Description	Value/ factor	Remark
Step 1) Relevant dose-descriptor	NOAEL:1000 mg/kg bw/d	NOAEL determined by the highest dose tested in an OECD 422 study in rats by oral gavage
Step 2) Modification of starting point	1	No route-to-route extrapolation required.
NAEL general population	1000 mg/kg bw/d
Step 3) Assessment factors
Interspecies	4	Allometric scaling rat to humans (ECHA R.8, 2012)
Intraspecies	5	Known mode of action involving ubiquitous and non-specific enzyme systems (carboxylesterases, tricarboxylic acid cycle) makes a lower variability likely, hence the AF of 5 is sufficiently conservative. (ECETOC, 2010)
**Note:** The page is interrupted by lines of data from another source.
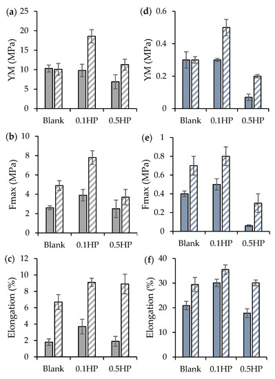 Moreover, the tendon mechanical properties are directly related to ECM hierarchical structure mimicked using the tubular aligned conformation and the polymer matrix doping with HP nanoparticles—0.1% HP proved to be suitable to reinforce the structure; in fact, it was demonstrated that the mechanical properties can be remarkably improved by adding the optimum amount of nanoparticles, due to their fine dispersion. On the other hand, higher concentrations could affect nanoparticle dispersion and particle inhomogeneity, and agglomeration lead to structural alterations and, consequently, a reduction of the mechanical properties [30].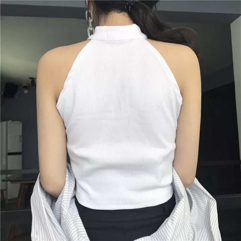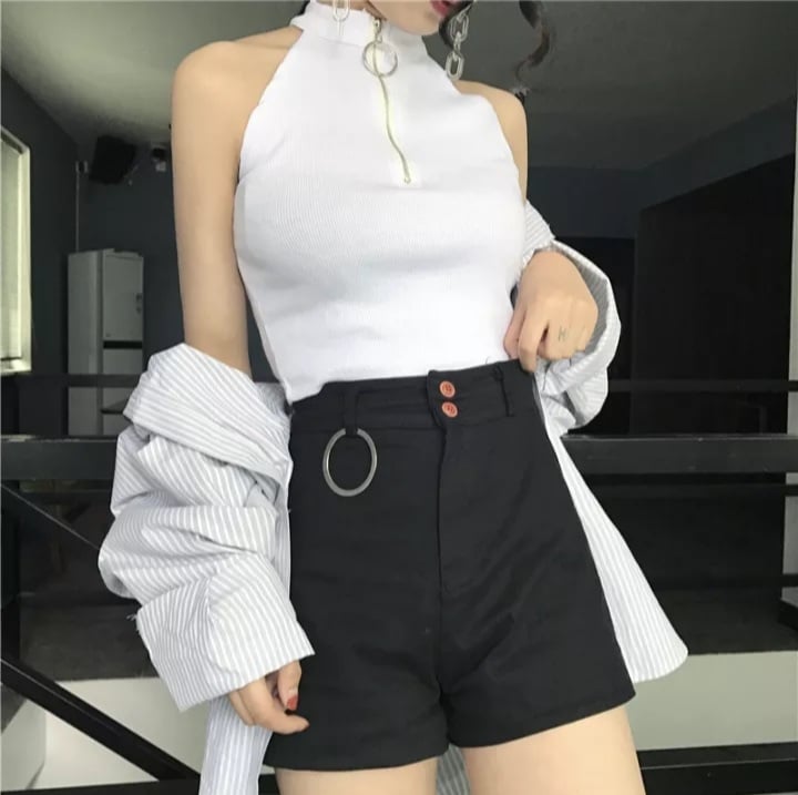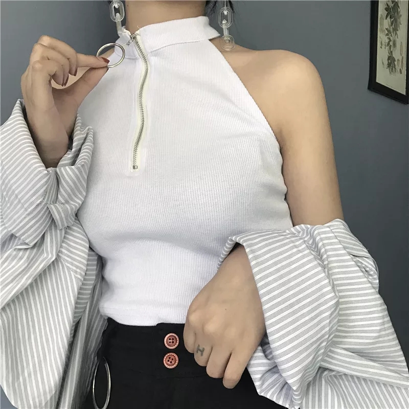 Cute Black White Sexy Knit Zipper Sleeveless Shirt Crop Top Tank Camisole Aesthetic Casual E-Girl Kawaii Korean Japanese Harajuku
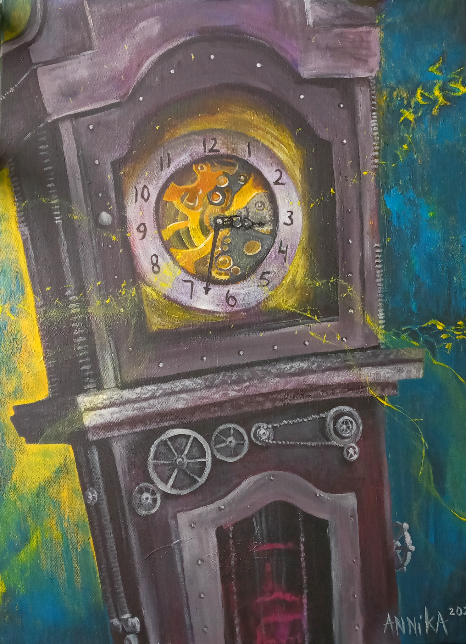 Op een nacht ontving ik het idee om een schilderij te maken van een Magische Klok. Er hoorde een verhaal bij over jou en mij. Je kwam mij tegen, ik was als een vintage steampunk klok, al een beetje verweerd door de jaren, voorzien van een laagje 'patina'. Je dacht: dat is een mooie schat die ik heb gevonden! Ik ga haar nog mooier en nog meer waard maken door alle onderdelen op te poetsen, ik fluister liefdevolle woorden in haar diepste ziel. Sommige onderdelen waren scherp, waardoor je je eraan openhaalde. Maar je leerde om de scherpe randjes voorzichtig te vermijden. Je ging geduldig door met oppoetsen. Sommige onderdelen moest je daarvoor helemaal uit elkaar halen om erbij te kunnen. Een jaar lang poetste je alle onderdeeltjes zorgvuldig, zodat ze gingen glimmen, twinkelen en gloeien. Een aantal onderdelen gingen zo mooi stralen dat ze regenbogen weerkaatsten. Toen het werk klaar was, moest de klok weer één werkend geheel worden, maar je liet de glimmende onderdelen uit je handen vallen. Ze bleven stil op de werktafel liggen, drie dagen lang. En na die drie dagen begonnen de glimmende onderdelen te trillen en te bewegen; door de kracht van liefde die van de glimmende onderdelen af kwam. Langzaam bewogen de onderdelen naar elkaar toe en smolten samen. De versmolten onderdelen waren weer een klok geworden, een Magische Klok! Een eigenzinnige klok die niet de tijd aangeeft van de buitenwereld, maar de tijd van de klok zelf. De tijd, zoals die in het moment gevoeld wordt door de klok en betekenis heeft. De Magische Klok werd zo een schat met een waarde, die niet in geld uit te drukken is!

Exposure duration	6	The NOAEL is based on an subacute study of approx. 50 d for the relevant sex (males). AF 6 for extrapolation from sub-acute to chronic (ECHA 2012) represents a conservative approach as this study period exceeds a normal subacute study and long term data from metabolites indicate a lower exposure duration effect as used here.
Dose response	1	The NOAEL is reliable. No adjustment is required.
Quality of database	1	The key study is of high quality, being rated K1. No adjustment is required.
Remaining uncertainties	1	The uncertainty derived from the use of data from the structurally similar chemical (HPMA = C3 monoester isomers instead of C3 diester isomers, which are at the same time the primary metabolites after proposed rapid hydrolysis, with same metabolic pathways) is compensated for the oral route by differences in kinetics (the target substance has a higher molecular weight which is unfavourable for oral absorption). In addition, even without an additional uncertainty factor the assessment is considered to be very conservative, because in the known uses the substance is used as a monomer - infrequently with very short reaction times and resulting real exposure periods in the order of minutes - more than two orders of magnitude below the 24/7 exposure assumed in consumer scenarios.
DNEL
Based upon a NOAEL of 1000 mg/kg bw/d for male rats, for 50 d by the oral route.	8.33 mg/kg bw/d		Using a total factor (POD modifier and AF) of 120 (1 x 4 x 5 x 6 x 1 x 1) a DNELlong-term,oral, gen.pop.of 8.33 mg/kg bw/d is derived.